**Exercise prompt:** Using the listing below, retype only the lines from the line with "表C2 原住民族就業者從事農林漁牧業平均每年農閒期間-按人口特性分" through the end, both ends included, and exclude the pictures.

══ Data section

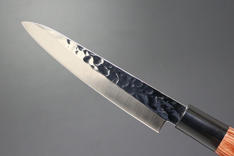 ハンドルは和式の美しい木目調の赤合板材を使用、ブレードは洋式の和洋折衷の包丁。サビにも強い、よく切れて高い定評のあるステンレス特殊鋼DSR-1K6(全ステン)を採用。槌目加工による凹凸は、風合いが美しく、食材の切り離れを助け、切れ味を助長。耐水性にも優れた赤合板丸柄は、握った感じも手に心地よく、鋭い切れ味とメンテナンスの良さを兼ね備えた包丁。信頼の兼常作。柄材 赤合板/プラスティック桂
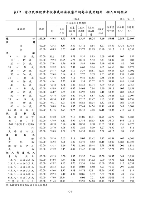 表C2 原住民族就業者從事農林漁牧業平均每年農閒期間-按人口特性分
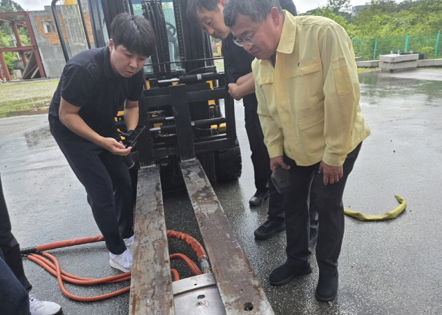 장대석 경기도의원이 전기차 화재 대응 위한 특수장비의 성능을 검증하고 있다. (사진 = 경기도의회)
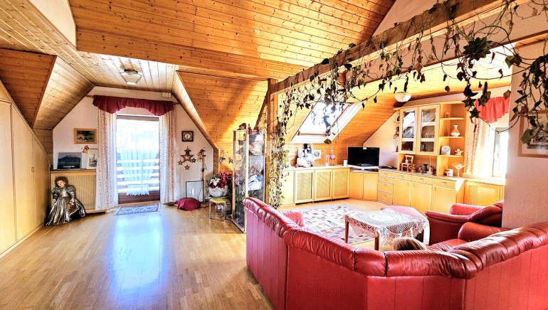 Auf einem 911 m2 großen Hanggrundstück ist es mit einer Wohnfläche von ca. 200 m2 und Keller ein wahres Raumwunder.

════

**Response:**
 表C2 原住民族就業者從事農林漁牧業平均每年農閒期間-按人口特性分
 장대석 경기도의원이 전기차 화재 대응 위한 특수장비의 성능을 검증하고 있다. (사진 = 경기도의회)
 Auf einem 911 m2 großen Hanggrundstück ist es mit einer Wohnfläche von ca. 200 m2 und Keller ein wahres Raumwunder.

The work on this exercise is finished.